2021’s global equity rally ran out of steam as the calendar turned.
U.S. stocks briefly entered official correction territory in January, down over 10%, but recovered some ground in the final week.
Acknowledgement of rising interest rates drove a reassessment of many companies with high valuations. Deleveraging from hedge funds and retail investors also played a role, as did geopolitical concerns regarding Russia. The decline was sharp and swift, which in our view is more characteristic of a typical correction than the end of a bull market.
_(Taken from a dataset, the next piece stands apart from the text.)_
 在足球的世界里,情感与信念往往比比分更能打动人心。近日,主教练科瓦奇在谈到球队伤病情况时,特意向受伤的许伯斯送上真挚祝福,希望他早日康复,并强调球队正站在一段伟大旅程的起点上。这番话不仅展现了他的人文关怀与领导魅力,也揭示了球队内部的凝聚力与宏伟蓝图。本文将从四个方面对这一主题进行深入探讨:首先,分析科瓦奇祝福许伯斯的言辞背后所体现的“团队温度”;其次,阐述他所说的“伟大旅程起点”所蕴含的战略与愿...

Diversification Helped Buoy Portfolios
Diversification at the asset class level was rewarded. International stocks held up better overall. The US aggregate bond market fell 2%, which qualifies as a dramatic month in the fixed income world but was still mild compared to stocks. Bond yields on the shorter end of the curve have adjusted to compensate for a series of anticipated rate hikes. Within US stocks, breadth continues to narrow. Mega cap tech as a group performed similarly to the overall US market while much of the rest of the growth universe experienced sharp declines, as did many small cap stocks. Earnings overall have been strong, helping spur the late month recovery, but there has been low tolerance for misses. Several companies that have disappointed have seen large share price drops and this pattern has begun spreading to larger and larger stocks.
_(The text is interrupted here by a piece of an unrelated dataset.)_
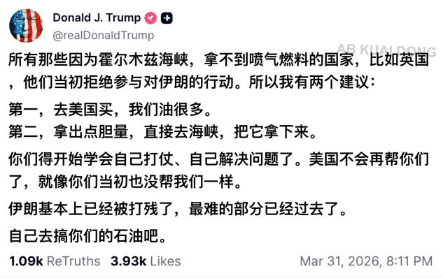 特朗普多次强调,美国不需要霍尔木兹海峡,这不关美国的事。北约国家这些纸老虎如果要油要气,可以找美国买或者自己去护航。

COVID Presents Continued Investment Risk
Omicron continues to drive record numbers of Covid cases and more deaths than many appreciate. In areas where the variant spread early, case rates are already in rapid decline, but much of the world is still on the upswing. Covid fatigue has many nations and states reducing restrictions and it is likely the economic impact will continue to wane. Despite this growth driver, we suspect many investors are now largely ignoring Covid and some may be anticipating benefits as restrictions are lifted, suggesting Covid may present more of a risk than an opportunity.